To solve these problems, a method is thought to be available in which another dedicated secondary battery having the same function as that of the dedicated secondary battery 20 and being in a fully-charged state is carried as a backup cell. However, this method has a problem in that not only carrying the dedicated secondary battery is attended with risk of occurrence of a short circuit but also buying such the backup dedicated secondary battery is costly. Moreover, in this case, a user has to carry an AC adapter required to charge such the dedicated backup second battery.
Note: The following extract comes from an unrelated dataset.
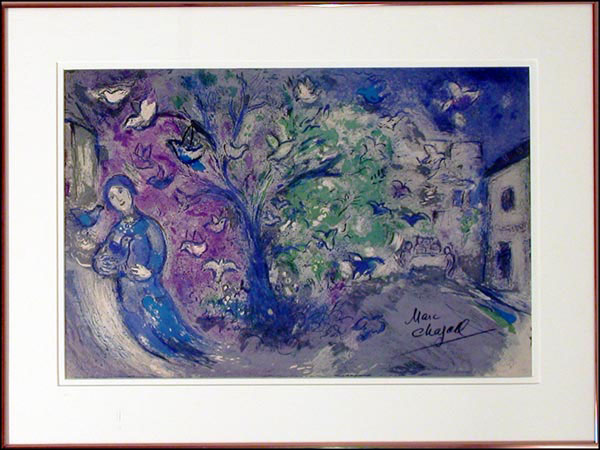 Color 18.5 x 12 print of one of Chagall's works, signed in black artist's pencil, 'Marc Chagall.' Double matted and framed to an overall size of 24 x 18. In fine condition. RRAuction COA.
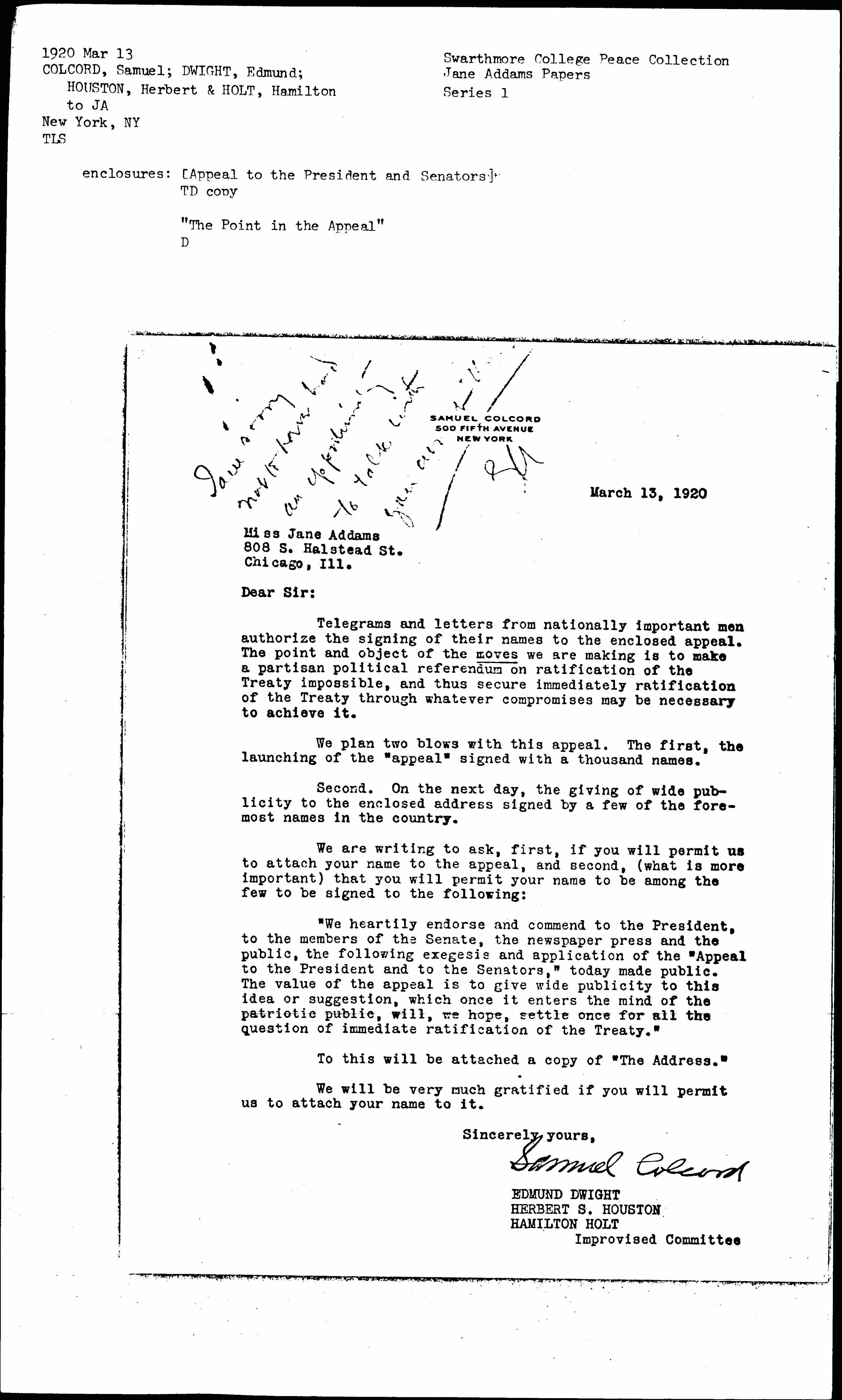 Telegrams and letters from nationally important men authorize the signing of their names to the enclosed appeal. The point and object of the moves we are making is to make a partisan political referendum on ratification of the Treaty impossible, and thus secure immediately ratification of the Treaty through whatever compromises may be necessary to achieve it.

Also, since the portable cellular phone 1 is operated according to the TDMA communication method, a judgement as to whether a voltage of the dedicated secondary battery 20 has reached its final voltage is made based on a voltage value that has dropped when power consumption increases or decreases in a burst manner. As a result, in some cases, a message that the voltage has reached its final level even in a state where a discharging depth of the dedicated secondary battery 20 is shallow (that is, battery capacity is still residual somewhat) appears on a displaying section of the portable cellular phone 1, which presents another problem that battery capacity cannot be used to the fullest.